US Medical BillingRevenue cycle solutions

How to create a revenue cycle risk register

Identify revenue-cycle risks, assess operating controls, assign response, document acceptance, and review material change.

9 minute read · Reviewed 2026-07-18

Set scope and risk language

Choose a bounded process, service, system, vendor relationship, or change. Use a consistent cause-event-consequence statement so the register distinguishes a potential risk from an existing issue or control weakness.

Define the assessment convention and its limits before scoring. Ratings are internal prioritization tools, not universal medical-billing benchmarks.

  1. 1Name the process and accountable owner.
  2. 2Define risk, issue, control, and action consistently.
  3. 3Document the rating method and approval authority.

Identify risks from evidence

Use process maps, exception trends, reconciliation differences, quality findings, audits, incidents, payer or policy changes, technology changes, vendor dependencies, and continuity exercises. Consider accuracy, completeness, timeliness, privacy, security, compliance, and recoverability.

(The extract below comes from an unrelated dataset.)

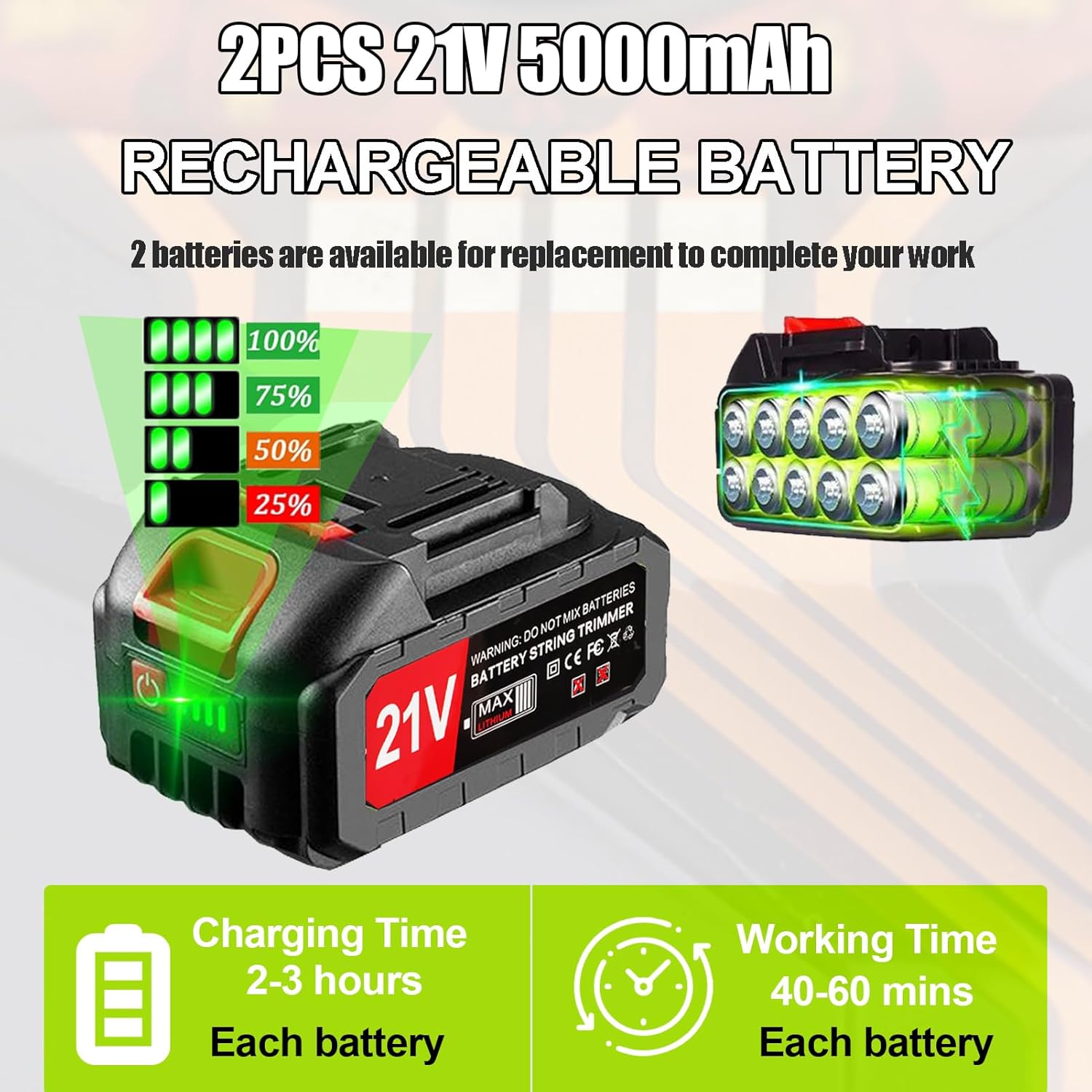 - 2025 UPGRADED ELECTRIC WEED WACKER: The cordless grass trimmer has been upgraded with smoother wheels, higher-strength blades and larger-capacity batteries.The multifunctional cordless electric weed wacker is versatile and can be used as grass trimmer, edger, lawn mower, easy for different cutting jobs, not limited by wires, you can mow anywhere. Weeding is as easy as walking and enjoy the fun of cutting.(fully charged before first use)

Avoid writing one risk per claim. Group cases when a common event, cause, control, and response can be governed together, while preserving case work in the approved system.

Assess current controls and evidence

Identify preventive, detective, and corrective controls. Record owner, frequency, criteria, evidence, exception route, and known limitations. A policy statement or planned configuration is not proof that a control currently operates.

Assess residual exposure only after considering supported control performance. Record uncertainty and missing evidence rather than converting assumptions into a precise score.

Choose and authorize the response

Choose whether to reduce, avoid, transfer, or accept the residual risk. Define each action with an accountable owner, deliverable, due date, dependencies, verification method, and escalation trigger.

Risk acceptance must identify the authorized role, rationale, conditions, expiration or review date, and evidence. An overdue action should not silently become accepted risk.

  1. 1Separate existing controls from planned actions.
  2. 2Assign one accountable owner to each response.
  3. 3Document acceptance through the authorized governance path.

Review change and verify closure

Review on a fixed cadence and after material changes. Reassess when a control fails, an incident occurs, a vendor or system changes, or a new external requirement applies.

Close a response only when implementation and effectiveness evidence meet the agreed criteria. Keep the risk visible if residual exposure remains after one action is complete.